> **Work to complete**
Everything in the records except the pictures needs to be printed again exactly.

####################

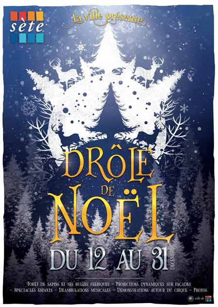 Programme Animations Noël 2020 Sète. Drôle de Noël à Sète : Place à la féérie. Du Samedi 12 au Jeudi 31 Décembre 2020. En centre ville de Sète, retrouvez les nombreuses animations pour toutes la Famille. Au programme : Forêt de Sapins et ses Bulles Féériques, Projections Dynamiques sur les façades. Mais aussi Spectacles pour les enfants, Déambulations Musicales, Démonstrations autour du Cirque …
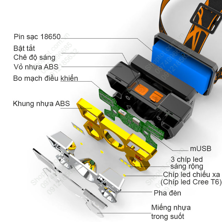 Thiết kế nhỏ gọn, nhẹ, siêu bền, dùng đội đầu; Đèn trang bị 5 bóng led (pha led) với 9 chip led Cree siêu sáng, siêu bền; Đèn trang bị pin sạc Lithium 18650-3.7V gắn sẵn bên trong
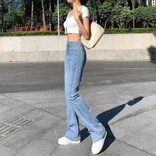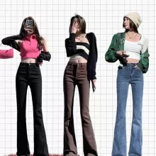 What sets our jeans apart is the perfect fusion of Korean-inspired fashion with practicality. The full-length flare creates a slimming effect, ideal for juniors and women who seek a blend of trend and tradition. With a choice of four fashionable colors, these jeans transition effortlessly from a formal office setting to a casual evening out. The impeccable tailoring guarantees a fit that flatters your shape, while the classic details like a mid-rise waist and zip closure uphold timeless sensibilities.
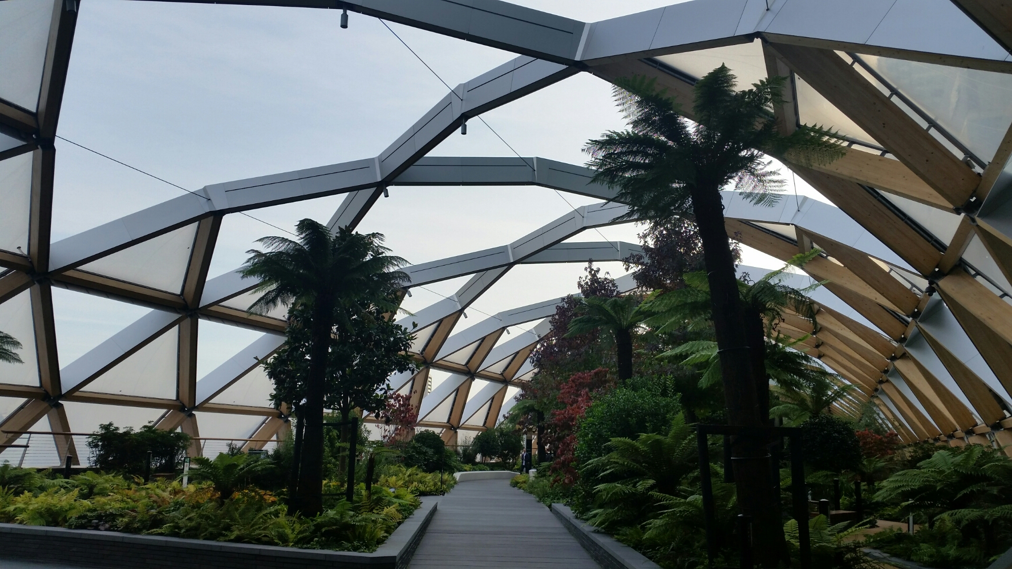We went to explore the new Norman Foster building which has been attached to the north side of Canary Wharf and will in due course house its Crossrail Station. It’s a mixture of ballooning high tech and craft detailing in the engineered wooden struts: currently a bit bland because it’s not yet functioning, but with an elaborate antipodean roof garden:-
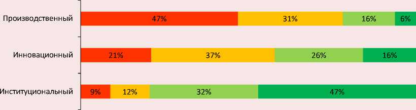 Инновационный ген практически соразмерно присутствует во всех квартильных группах по качеству жизни (см. рис. 2). В анализируемой выборке регионов доля регионов с сильным инновационным геном максимальна во второй квартильной группе по качеству жизни (37%) – Республика Мордовия, Вологодская, Тверская область и др. Качество жизни в данной группе выше, чем в производственной группе, но из-за невысокого качества институтов оно отстает от регионов-лидеров.
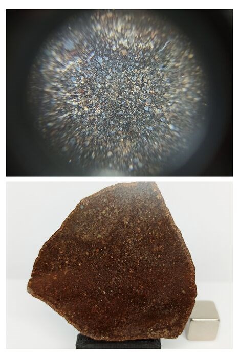 Hoewel ze er met het blote oog gewoon uitzien, kunnen we, als we ze vergroten met een vergrootglas of een soort lens, duizenden kleine chondrulen zien, kenmerkend voor dit type koolstofhoudende chondrieten. Elk van deze bolvormige chondrulen vertegenwoordigt een kleine korrel materie die de grote wolk van gas en stof vormde waardoor het zonnestelsel werd gevormd zoals we dat nu kennen.
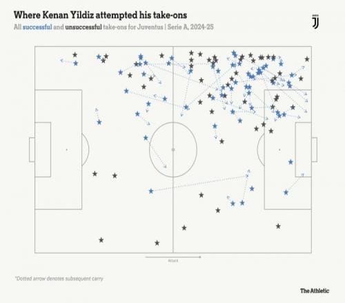 伊尔迪兹本赛季在意甲联赛中完成了113次突破过人,超过尤文图斯任何其他球员,并且他常常在过掉防守球员后持球向前推进。虽然他因在左路最具威胁而闻名,但其沉着镇定的心态和出色的平衡能力意味着他可以胜任进攻型中场的任何位置。
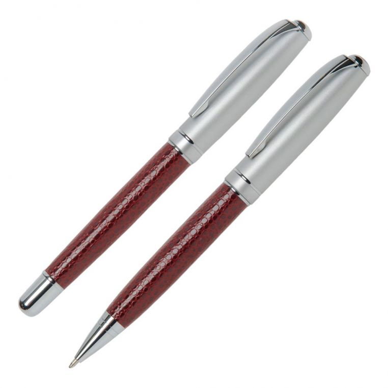 Набір якісних металевих ручок, що складається з кулькової ручки та ручки-ролера. Відмінною особливістю дизайну ручок є використання покриття, що імітує тиснену лакову шкіру. Набір упакований у м’який футляр зі штучної шкіри на блискавці.

####################

> **Result of this task**
 Programme Animations Noël 2020 Sète. Drôle de Noël à Sète : Place à la féérie. Du Samedi 12 au Jeudi 31 Décembre 2020. En centre ville de Sète, retrouvez les nombreuses animations pour toutes la Famille. Au programme : Forêt de Sapins et ses Bulles Féériques, Projections Dynamiques sur les façades. Mais aussi Spectacles pour les enfants, Déambulations Musicales, Démonstrations autour du Cirque …
 Thiết kế nhỏ gọn, nhẹ, siêu bền, dùng đội đầu; Đèn trang bị 5 bóng led (pha led) với 9 chip led Cree siêu sáng, siêu bền; Đèn trang bị pin sạc Lithium 18650-3.7V gắn sẵn bên trong
 What sets our jeans apart is the perfect fusion of Korean-inspired fashion with practicality. The full-length flare creates a slimming effect, ideal for juniors and women who seek a blend of trend and tradition. With a choice of four fashionable colors, these jeans transition effortlessly from a formal office setting to a casual evening out. The impeccable tailoring guarantees a fit that flatters your shape, while the classic details like a mid-rise waist and zip closure uphold timeless sensibilities.
We went to explore the new Norman Foster building which has been attached to the north side of Canary Wharf and will in due course house its Crossrail Station. It’s a mixture of ballooning high tech and craft detailing in the engineered wooden struts: currently a bit bland because it’s not yet functioning, but with an elaborate antipodean roof garden:-
 Инновационный ген практически соразмерно присутствует во всех квартильных группах по качеству жизни (см. рис. 2). В анализируемой выборке регионов доля регионов с сильным инновационным геном максимальна во второй квартильной группе по качеству жизни (37%) – Республика Мордовия, Вологодская, Тверская область и др. Качество жизни в данной группе выше, чем в производственной группе, но из-за невысокого качества институтов оно отстает от регионов-лидеров.
 Hoewel ze er met het blote oog gewoon uitzien, kunnen we, als we ze vergroten met een vergrootglas of een soort lens, duizenden kleine chondrulen zien, kenmerkend voor dit type koolstofhoudende chondrieten. Elk van deze bolvormige chondrulen vertegenwoordigt een kleine korrel materie die de grote wolk van gas en stof vormde waardoor het zonnestelsel werd gevormd zoals we dat nu kennen.
 伊尔迪兹本赛季在意甲联赛中完成了113次突破过人,超过尤文图斯任何其他球员,并且他常常在过掉防守球员后持球向前推进。虽然他因在左路最具威胁而闻名,但其沉着镇定的心态和出色的平衡能力意味着他可以胜任进攻型中场的任何位置。
 Набір якісних металевих ручок, що складається з кулькової ручки та ручки-ролера. Відмінною особливістю дизайну ручок є використання покриття, що імітує тиснену лакову шкіру. Набір упакований у м’який футляр зі штучної шкіри на блискавці.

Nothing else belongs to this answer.